------ Data excerpt ------

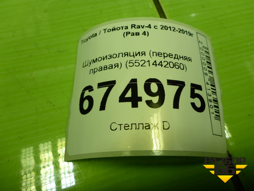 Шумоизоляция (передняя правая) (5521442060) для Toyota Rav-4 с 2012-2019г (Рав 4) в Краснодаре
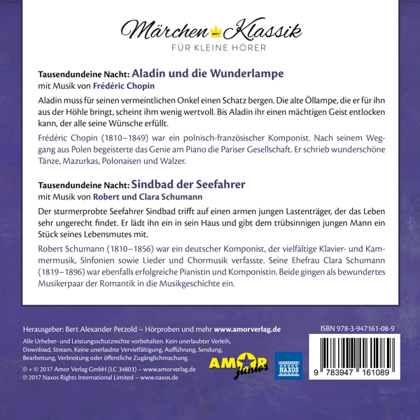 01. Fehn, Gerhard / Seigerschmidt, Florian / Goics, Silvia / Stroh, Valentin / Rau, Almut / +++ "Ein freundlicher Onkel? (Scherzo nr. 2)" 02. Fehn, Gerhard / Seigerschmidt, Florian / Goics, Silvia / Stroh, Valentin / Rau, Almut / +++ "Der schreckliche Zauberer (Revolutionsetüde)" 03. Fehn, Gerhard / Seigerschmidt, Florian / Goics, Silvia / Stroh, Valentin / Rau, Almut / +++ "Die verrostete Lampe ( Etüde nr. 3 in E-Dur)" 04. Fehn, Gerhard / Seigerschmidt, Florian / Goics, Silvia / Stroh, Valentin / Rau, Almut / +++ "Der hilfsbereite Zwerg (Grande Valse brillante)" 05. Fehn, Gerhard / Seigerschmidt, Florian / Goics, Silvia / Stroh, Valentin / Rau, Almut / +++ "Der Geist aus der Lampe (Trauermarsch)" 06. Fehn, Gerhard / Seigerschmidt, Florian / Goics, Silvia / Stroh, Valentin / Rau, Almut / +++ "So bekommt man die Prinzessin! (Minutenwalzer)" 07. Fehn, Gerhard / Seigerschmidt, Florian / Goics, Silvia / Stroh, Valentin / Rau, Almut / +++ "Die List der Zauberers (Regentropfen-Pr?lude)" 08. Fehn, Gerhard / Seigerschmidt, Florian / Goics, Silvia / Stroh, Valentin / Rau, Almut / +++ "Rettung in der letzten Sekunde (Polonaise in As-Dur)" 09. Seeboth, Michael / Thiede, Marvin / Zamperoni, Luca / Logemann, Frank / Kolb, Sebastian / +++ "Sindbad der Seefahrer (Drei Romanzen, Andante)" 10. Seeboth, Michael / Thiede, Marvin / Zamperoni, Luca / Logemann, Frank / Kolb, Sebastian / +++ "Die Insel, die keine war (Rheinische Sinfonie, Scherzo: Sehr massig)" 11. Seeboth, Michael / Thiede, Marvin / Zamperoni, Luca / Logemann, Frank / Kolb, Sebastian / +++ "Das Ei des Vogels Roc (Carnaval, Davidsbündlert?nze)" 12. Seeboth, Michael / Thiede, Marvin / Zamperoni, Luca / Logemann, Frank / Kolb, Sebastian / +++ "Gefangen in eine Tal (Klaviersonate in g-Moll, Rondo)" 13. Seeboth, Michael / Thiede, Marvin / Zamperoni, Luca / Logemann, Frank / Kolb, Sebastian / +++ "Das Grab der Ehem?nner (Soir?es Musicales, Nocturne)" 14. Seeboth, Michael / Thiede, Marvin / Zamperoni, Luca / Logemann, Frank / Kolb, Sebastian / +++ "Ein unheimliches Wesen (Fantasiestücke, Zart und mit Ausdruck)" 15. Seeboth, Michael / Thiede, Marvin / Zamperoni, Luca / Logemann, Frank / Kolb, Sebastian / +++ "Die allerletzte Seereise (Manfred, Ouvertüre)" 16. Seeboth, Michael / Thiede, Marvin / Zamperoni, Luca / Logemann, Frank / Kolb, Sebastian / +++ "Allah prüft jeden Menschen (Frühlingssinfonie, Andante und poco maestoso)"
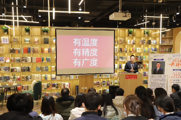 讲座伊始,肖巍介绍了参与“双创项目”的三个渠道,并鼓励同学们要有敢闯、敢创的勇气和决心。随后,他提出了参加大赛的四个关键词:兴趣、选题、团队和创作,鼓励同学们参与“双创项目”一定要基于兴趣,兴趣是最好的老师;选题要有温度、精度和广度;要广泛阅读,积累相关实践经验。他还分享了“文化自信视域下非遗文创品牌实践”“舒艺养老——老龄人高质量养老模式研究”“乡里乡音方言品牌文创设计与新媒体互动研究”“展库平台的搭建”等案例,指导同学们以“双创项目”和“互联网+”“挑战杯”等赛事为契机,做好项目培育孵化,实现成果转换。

------

> What this task involves: Would you restate the listing word for word without its pictures?

> Answer to this problem:
 Шумоизоляция (передняя правая) (5521442060) для Toyota Rav-4 с 2012-2019г (Рав 4) в Краснодаре
 01. Fehn, Gerhard / Seigerschmidt, Florian / Goics, Silvia / Stroh, Valentin / Rau, Almut / +++ "Ein freundlicher Onkel? (Scherzo nr. 2)" 02. Fehn, Gerhard / Seigerschmidt, Florian / Goics, Silvia / Stroh, Valentin / Rau, Almut / +++ "Der schreckliche Zauberer (Revolutionsetüde)" 03. Fehn, Gerhard / Seigerschmidt, Florian / Goics, Silvia / Stroh, Valentin / Rau, Almut / +++ "Die verrostete Lampe ( Etüde nr. 3 in E-Dur)" 04. Fehn, Gerhard / Seigerschmidt, Florian / Goics, Silvia / Stroh, Valentin / Rau, Almut / +++ "Der hilfsbereite Zwerg (Grande Valse brillante)" 05. Fehn, Gerhard / Seigerschmidt, Florian / Goics, Silvia / Stroh, Valentin / Rau, Almut / +++ "Der Geist aus der Lampe (Trauermarsch)" 06. Fehn, Gerhard / Seigerschmidt, Florian / Goics, Silvia / Stroh, Valentin / Rau, Almut / +++ "So bekommt man die Prinzessin! (Minutenwalzer)" 07. Fehn, Gerhard / Seigerschmidt, Florian / Goics, Silvia / Stroh, Valentin / Rau, Almut / +++ "Die List der Zauberers (Regentropfen-Pr?lude)" 08. Fehn, Gerhard / Seigerschmidt, Florian / Goics, Silvia / Stroh, Valentin / Rau, Almut / +++ "Rettung in der letzten Sekunde (Polonaise in As-Dur)" 09. Seeboth, Michael / Thiede, Marvin / Zamperoni, Luca / Logemann, Frank / Kolb, Sebastian / +++ "Sindbad der Seefahrer (Drei Romanzen, Andante)" 10. Seeboth, Michael / Thiede, Marvin / Zamperoni, Luca / Logemann, Frank / Kolb, Sebastian / +++ "Die Insel, die keine war (Rheinische Sinfonie, Scherzo: Sehr massig)" 11. Seeboth, Michael / Thiede, Marvin / Zamperoni, Luca / Logemann, Frank / Kolb, Sebastian / +++ "Das Ei des Vogels Roc (Carnaval, Davidsbündlert?nze)" 12. Seeboth, Michael / Thiede, Marvin / Zamperoni, Luca / Logemann, Frank / Kolb, Sebastian / +++ "Gefangen in eine Tal (Klaviersonate in g-Moll, Rondo)" 13. Seeboth, Michael / Thiede, Marvin / Zamperoni, Luca / Logemann, Frank / Kolb, Sebastian / +++ "Das Grab der Ehem?nner (Soir?es Musicales, Nocturne)" 14. Seeboth, Michael / Thiede, Marvin / Zamperoni, Luca / Logemann, Frank / Kolb, Sebastian / +++ "Ein unheimliches Wesen (Fantasiestücke, Zart und mit Ausdruck)" 15. Seeboth, Michael / Thiede, Marvin / Zamperoni, Luca / Logemann, Frank / Kolb, Sebastian / +++ "Die allerletzte Seereise (Manfred, Ouvertüre)" 16. Seeboth, Michael / Thiede, Marvin / Zamperoni, Luca / Logemann, Frank / Kolb, Sebastian / +++ "Allah prüft jeden Menschen (Frühlingssinfonie, Andante und poco maestoso)"
 讲座伊始,肖巍介绍了参与“双创项目”的三个渠道,并鼓励同学们要有敢闯、敢创的勇气和决心。随后,他提出了参加大赛的四个关键词:兴趣、选题、团队和创作,鼓励同学们参与“双创项目”一定要基于兴趣,兴趣是最好的老师;选题要有温度、精度和广度;要广泛阅读,积累相关实践经验。他还分享了“文化自信视域下非遗文创品牌实践”“舒艺养老——老龄人高质量养老模式研究”“乡里乡音方言品牌文创设计与新媒体互动研究”“展库平台的搭建”等案例,指导同学们以“双创项目”和“互联网+”“挑战杯”等赛事为契机,做好项目培育孵化,实现成果转换。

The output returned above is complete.